Chris Bennett, a computer science engineering sophomore, said he especially enjoys the networking aspect of his visits to the 3D printing area. He briefly chatted with civil engineering senior Alicia Veach, who is planning to use the 3D printers to create miniature prototypes of the concrete canoes she and her team use in racing competitions around the country.
“You get your average engineering types but it’s also nice to see the biologists and the artists coming in here,” Bennett said. “It allows us to break out of the box and cross-pollinate in ways that we normally can’t. It’s basically tied to the Makerspace ethos — cool stuff happens when you get people together.”

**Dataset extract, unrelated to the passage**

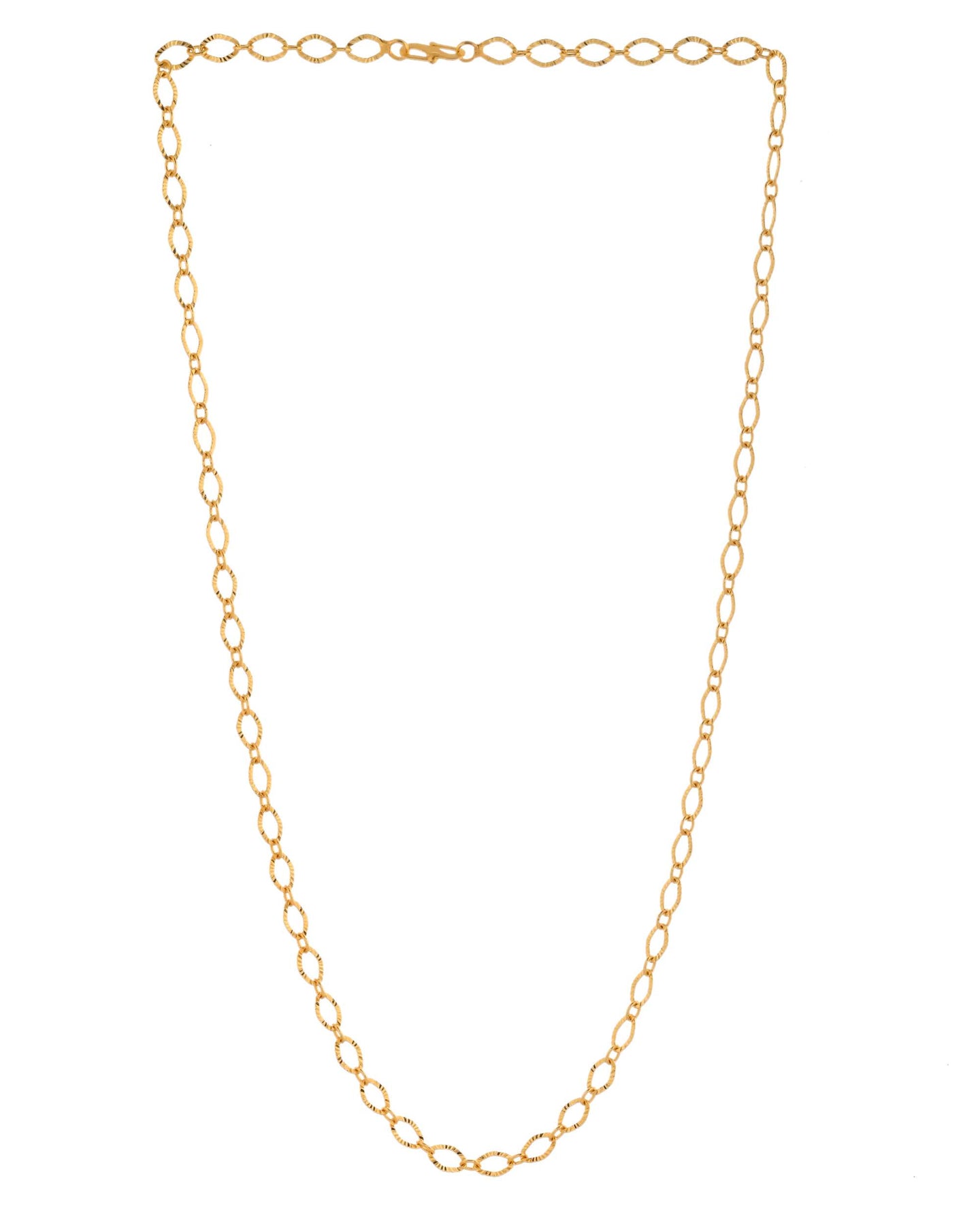 Introducing A Bold And Captivating Gold Chain Designed To Make A Statement. Crafted With Elongated, Twisted Oval Links, This Necklace Blends Classic Design With A Modern, Edgy Twist. Its Lustrous Gold Plating Reflects Light Beautifully, Adding A Refined Sparkle To Any Outfit.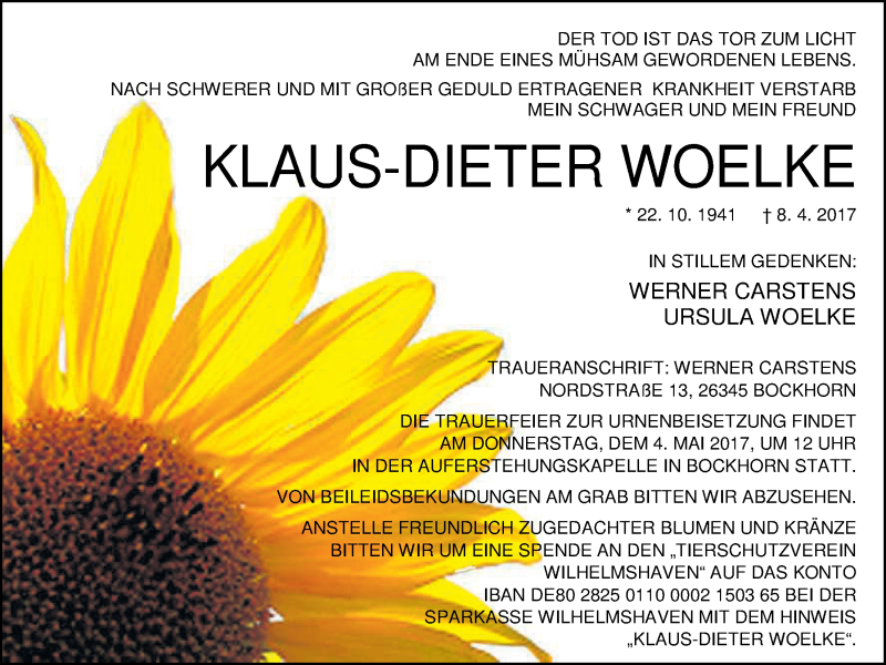 Hier finden Sie alle Traueranzeigen aus der Zeitung, die bisher für Klaus-Dieter Woelke erschienen sind. Weitere Traueranzeigen, die in der Zeitung erscheinen, werden hier ebenfalls aufgelistet

This diverse meeting of the minds is exactly what Colegrove hopes to continue seeing as more folks become aware of the 3D printers. Colegrove alluded to the Gartner Hype Cycle, which explains the various phases that a technology goes through during adoption. The cycle starts with the creation of the technology followed by inflated expectations, disillusionment, enlightenment and the final phase of acceptance. Colegrove believes that 3D printers have passed the “disillusionment” phase that comes when a new technology fails to match the hype of inflated expectations. Instead, 3D printers are now starting to work their way up the “slope of enlightenment” stage, where most progress is achieved. How fast that translates to printing organs and Star Trek-style replicators, however, depends on how many people start playing with the technology now, he said. The key is collaboration, which speeds up the learning process, he added.
“The old model — where you have individual silos and people went into their individual towers — I mean, what good is that?” Colegrove said. “Now you have engineers talking with artists and creating new forms of knowledge. Instead of the old teaching model where you have the sage on the stage, the new model is about learning from one another to create a spark that can be fanned into a flame. You end up connecting all these dots.”